• No results found

Posities en beleving van actoren

In document Ruimte voor een democratische rechtsstaat (pagina 154-161)

7 Rotterdam Centraal

7.2 Posities en beleving van actoren

In subparagraaf 2.4.2 is aangegeven dat wordt getracht om de empirie te begrijpen vanuit de posities en beleving van de actoren. De actoren die een rol hadden in het herontwikkelingsproces worden in deze paragraaf kort behandeld. Dat de institutionele politiek het startpunt is voor de reconstructie van de beleidsvorming betekent dat het openbaar bestuur wat meer aandacht krijgt dan particulieren. Hier worden genoemd rijksoverheid, spoorwegbedrijven, regio, gemeente, private investeerders en omwonenden. Hun interacties komen aan bod in de volgende paragraaf.

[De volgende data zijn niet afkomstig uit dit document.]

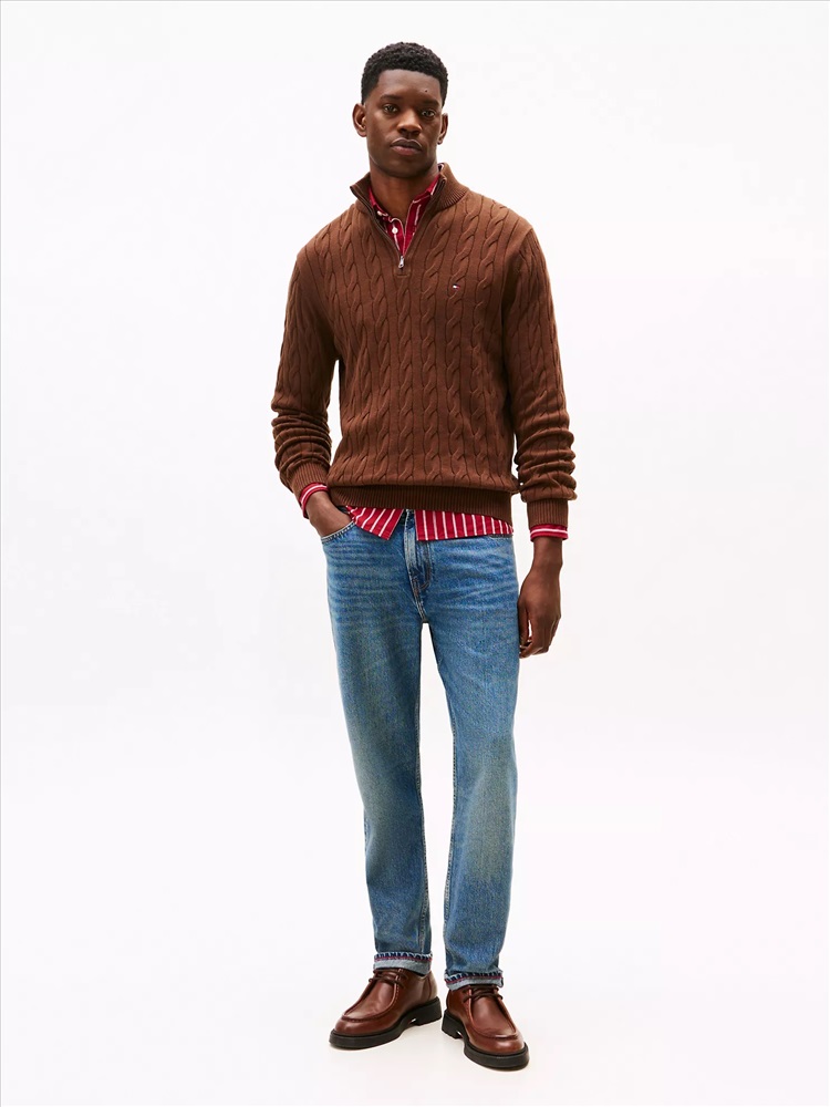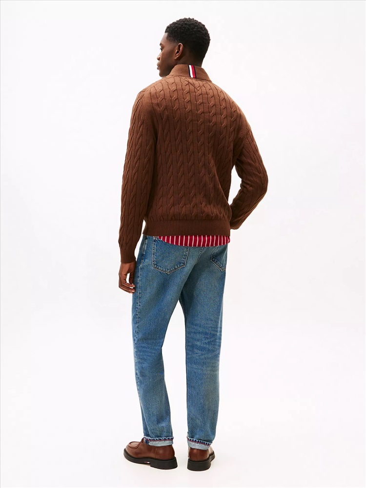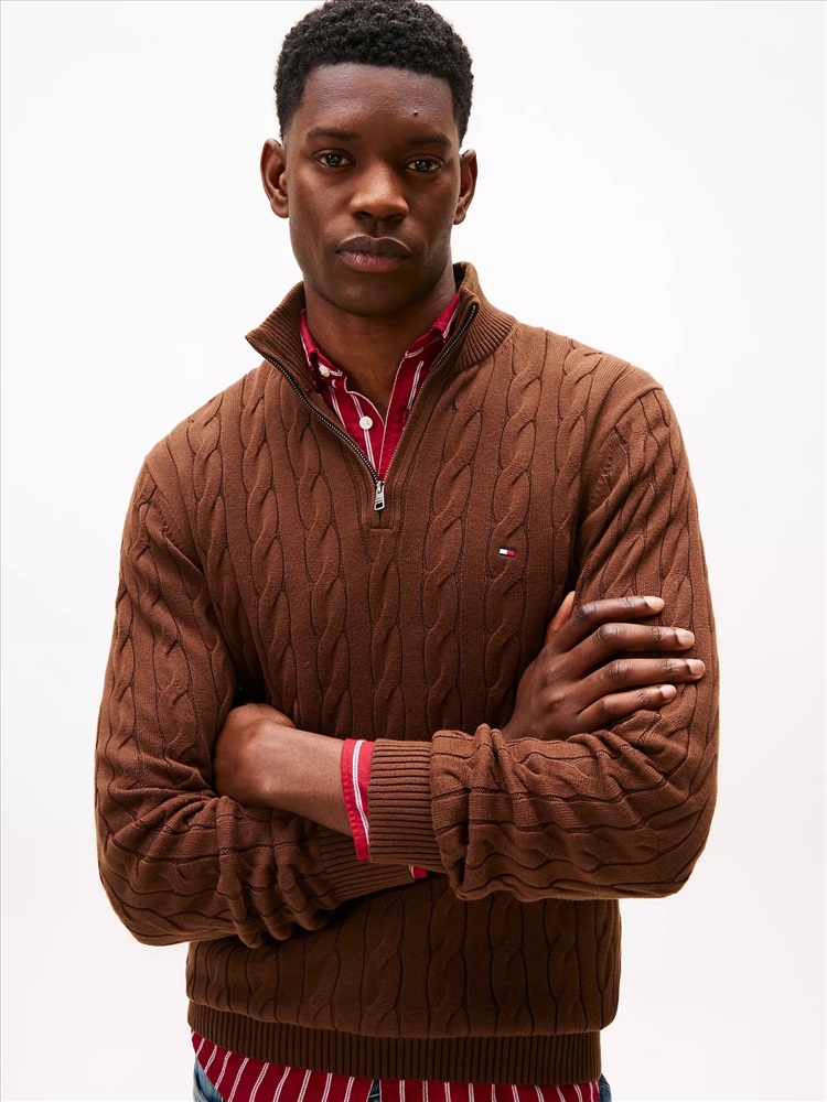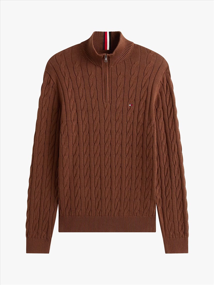 Tommy Hilfiger men's sweater. Made from combed cotton, our durable cable knit mockneck quarter-zip sweater stays soft and breathable wash after wash.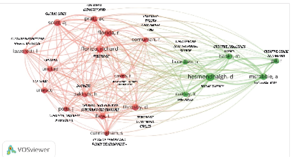 Two groups of cocitation networks were visualized describing two theoretical approaches: Creative-Cultural Classes Approach and Media and Culture in Society Approach, where the different authors converge to these two groups of approaches where the most outstanding authors have exposed their ideas. theoretical and are part of the first group thirteen authors and the second group are six different cluster authors with the influence of Florida R. and Hesmondhalgh, D.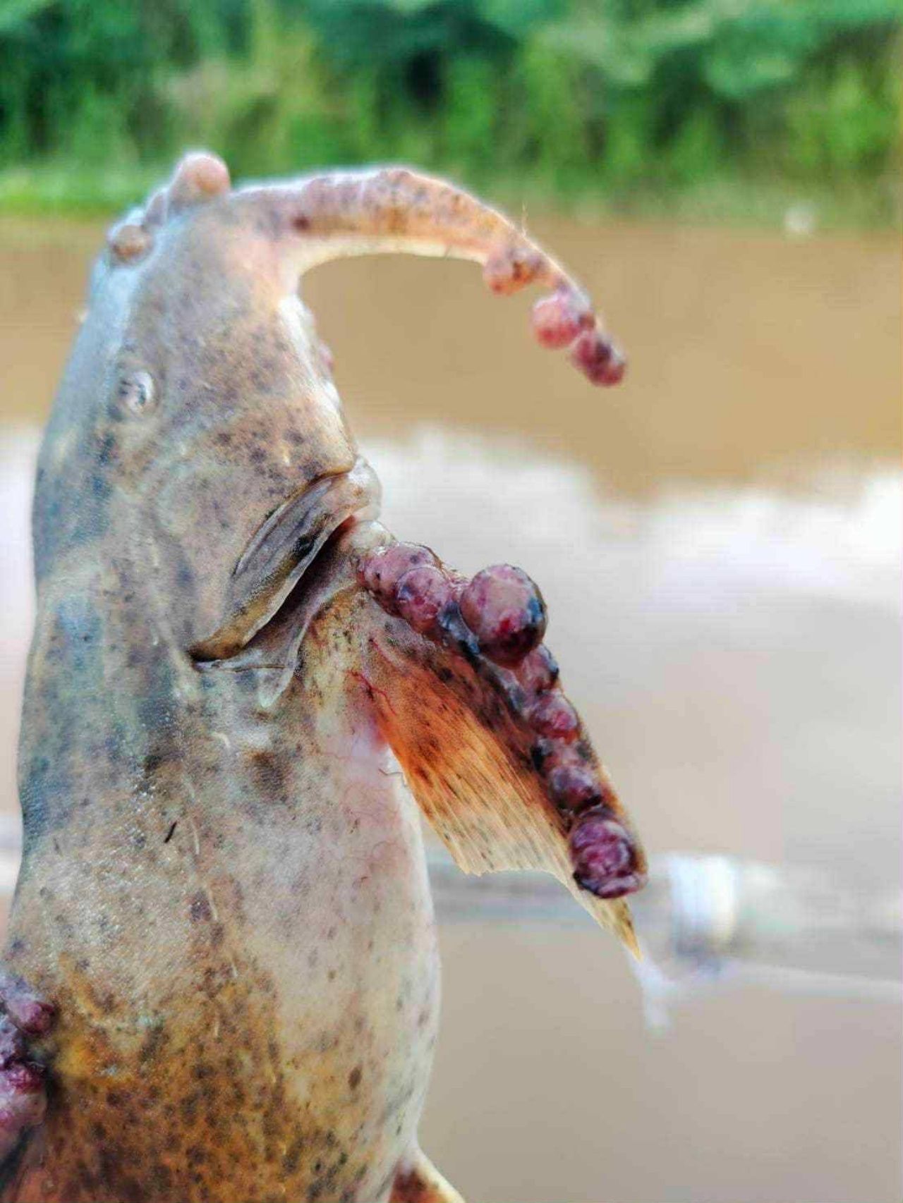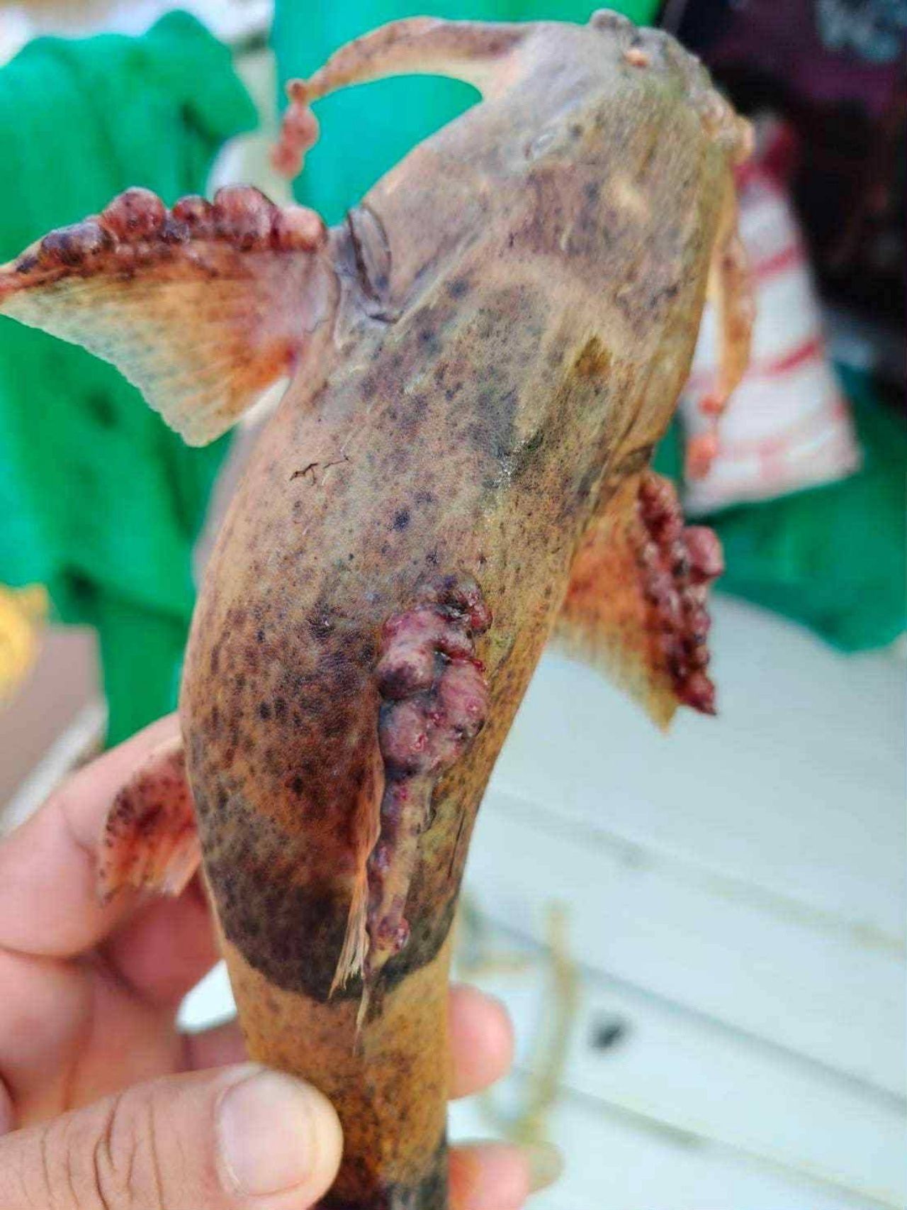 จากลักษณะที่พบ ปลาตัวดังกล่าวมีตุ่มหรือก้อนเนื้อคล้ายดอกกะหล่ำปรากฏบนครีบและลำตัวของปลา มีลักษณะสีแดงอมม่วง ซึ่งจากการประเมินเบื้องต้นคาดว่าอาการดังกล่าวเกิดจากการติดเชื้อไวรัสในกลุ่ม Iridoviridae สกุล Lymphocystivirus เกิดจากสภาพแวดล้อมที่ไม่เหมาะสมก่อให้เกิดความเครียด การเปลี่ยนแปลงอุณหภูมิ หรือการเปลี่ยนแปลงของสภาพภูมิอากาศ ทำให้ปลาอ่อนแอ และง่ายต่อการติดเชื้อ

De introductie van de hoge-snelheidstrein in Nederland is een aangelegenheid van de nationale overheid omdat ze deel uitmaakt van een programma op Europese schaal en omdat de kosten niet door (alleen) decentrale overheden gedragen kunnen worden. De ICE International naar Duitsland en de Thalys naar België en Frankrijk rijden al, maar er is nog geen volledig eigen infrastructuur voor deze treinen beschikbaar.2 De aanpassing van stations op de twee hoge-snelheidslijnen is een opgave voor twee departementen. Het Ministerie van Verkeer en Waterstaat werkt aan de transportinfrastructuur en houdt zich bezig met de eigenlijke vervoerders. De organisatie die kennis heeft van de infrastructuur en die belast is met het beheer, ProRail, vormt een verlengde van het departement.3 Het Ministerie van Verkeer en Waterstaat stuurt de Nederlandse Spoorwegen aan en het is ook dit departement dat de exploitatie van de hoge-snelheidslijnen aanbesteedde. Een dochter van NS en KLM, High Speed Alliance, verkreeg in

155

oktober 2001 de exploitatie van de HSL-Zuid vanaf 2006. In het beleidsveld van verkeer en vervoer zijn de belangen vaak groot (er gaat veel geld om) en de onderlinge verhoudingen waren niet zonder spanningen. In het samenspel tussen departement en spoorwegbedrijven zijn verzelfstandiging, opsplitsing en marktwerking aan de orde en daarbij doen zich zakelijke en persoonlijke conflicten voor.4

Het Ministerie van VROM is de bron van het nationale ruimtelijk beleid dat is gericht op de internationale concurrentiepositie en op de vitaliteit van de Nederlandse grote steden.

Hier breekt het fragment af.